I would be more confortable with another name as well ;).
Any suggestions?  If I had to pick an alternative right
now, it would be "memory chunk".

Earlier I tried "memory bank", but that had too many prior
connotations to me.  I used "memory node" in this Version
because it seemed that on the architectures we are currently
concerned with (the big ia64 numa systems I knew of) there was
a one-to-one relation between chunks of memory and system nodes.

I thought I had been fairly pedantic in using "memory node"
everywhere, except sometimes when using that term multiple times
in a single sentence, and I hoped that secondary references
could be abbreviated to just "nodes" without confusion.  If you
see a contrary instance, I'd be happy to fix it.

Or if you have a better name, I'm interested.

> 
> ---
> 
> In 'Using CpuMemSets' you say:
> 
> On systems supporting hot-swap of CPUs (or even memory, if someone can
> figure that out) the system administrator would be able to change CPUs
> and remap by changing the applications CpuMemMap, without the
> application being aware of the change.
> 
> How are you doing this?

See the Bulk Remap call (CMS_BULK_ALL).

    It goes through and alters any CpuMemMap as requested,
    perhaps to remove a cpu or memory node (according to
    its system numbering) from service, by replacing that
    system number with another.  The implementation then walks
    through the tasks and vm areas in the system, recomputing
    cpus_allowed and zone lists as need be, to reflect the
    changed CpuMemMaps.  By the time that one system call
    returns, no further task will be scheduled on the mapped
    out cpu, and no further memory will be allocated on the
    mapped out memory node.

> Will there be /proc/<pid>/cpumemset and
> /proc/<pid>/cpumemmap interfaces?

No plans for this, though it's possible.

> A /proc interface would also be useful for managing an application
> which is already running.

Use the cms*() calls with "pid" arguments, such as:

    cmsQueryCMM, cmsSetCMM, cmsQueryCMSbyPid, cmsSetCMSbyPid, cmsBulkRemap

to manage currently running applications.  I find the use of /proc
to manage a system, as opposed to (1) report on it, or (2) toggle
obscure debug hooks, to be an ugly interface, and resist such.

From the latest work I see from Rusty Russell <ru...@ru...>:

    [PATCH] 2.5 PROPOSAL: Replacement for current /proc of shit.

I am not alone in this opinion.

> One could view existing memmaps by cat /proc/123/cpumemmap.
> A line for each memmap used by the application would be printed.
> Using your example, a line could be displayed as follows:
> 
> addr size 8 4,5,6,7,8,9,10,11 2 1,2
> 
> Using your example again, could one modify an existing application
> from the command line by sepcifying a memmap as follows:
> echo "migrate addr size 8 4,5,6,7,8,9,10,11 2 1,2" > /proc/123/cpumemmap

ugh - try instead:

    cmsSetCMM (CMS_CURRENT, 123, 0, 0, &cmm);

> And finally, the process could be migrated to processors 4-11 
> via echo ff0 /proc/123/cpus_allowed.

There is no visible "cpus_allowed" in CpuMemSets - rather
cpus_allowed is an implementation detail of the task scheduler
for systems with fewer than 64 cpus.

Rather we need command line utilities, built on the CpuMemSets
infrastructure, to support such migration and related tasks.

> You could also use /proc/cpumemset and /proc/cpumemmap to alter the
> system defaults.

You _could_.  I hope not.  Also there is no particularly interesting
"system default" map or set, beyond the initial one the kernel sets
up during boot, and uses when starting the init process.  From that
point forward, all maps and sets are inherited or user specified.

> ---
> 
> In 'Processors, Memory and Distance' your discussion of <cpu,mem>
> distances deals primarily with cache warmth issuse.

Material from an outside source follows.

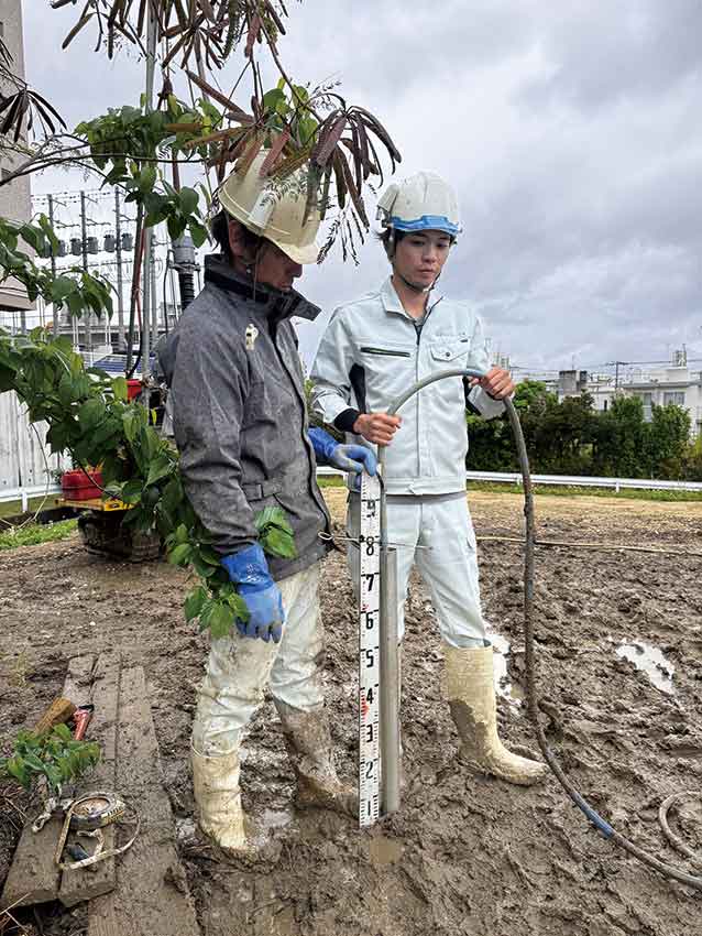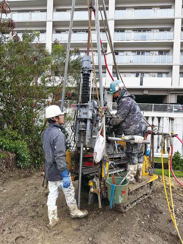 当社では、主に民間の工事現場において不発弾が埋まっていないか「磁気探査」を行っています。磁気探査は、磁力計を水平に移動させながら探査する「水平探査」と地下深くまで探査する「鉛直探査(ボーリング)」などがあり、その土地で暮らす人はもちろん、建築工事にあたる人々の安全を守る仕事として誇りをもって当たっています。

Should you also
> discuss the disadvantages of scheduling a process on a cpu further
> from where the physical pages are contained?  

My recollection is that I have two distances:

    <cpu, mem>	- for modeling cpu to memory latency/bandwidth
    <cpu, cpu>  - for modeling cache warmth

Perhaps something in my presentation is confusing these two?

> For example, you run on node 0 and allocate pages from the memory on
> that node. If you sleep (maybe on IO) you no longer have any cache
> warmth. However, you would still incur a potentially more expensive
> penalty if you are scheduled on a cpu on another node because you now
> have to pull all data into cache over a longer latency/lower bandwidth
> pipe.

This example sounds like it is getting at <cpu, mem> distances.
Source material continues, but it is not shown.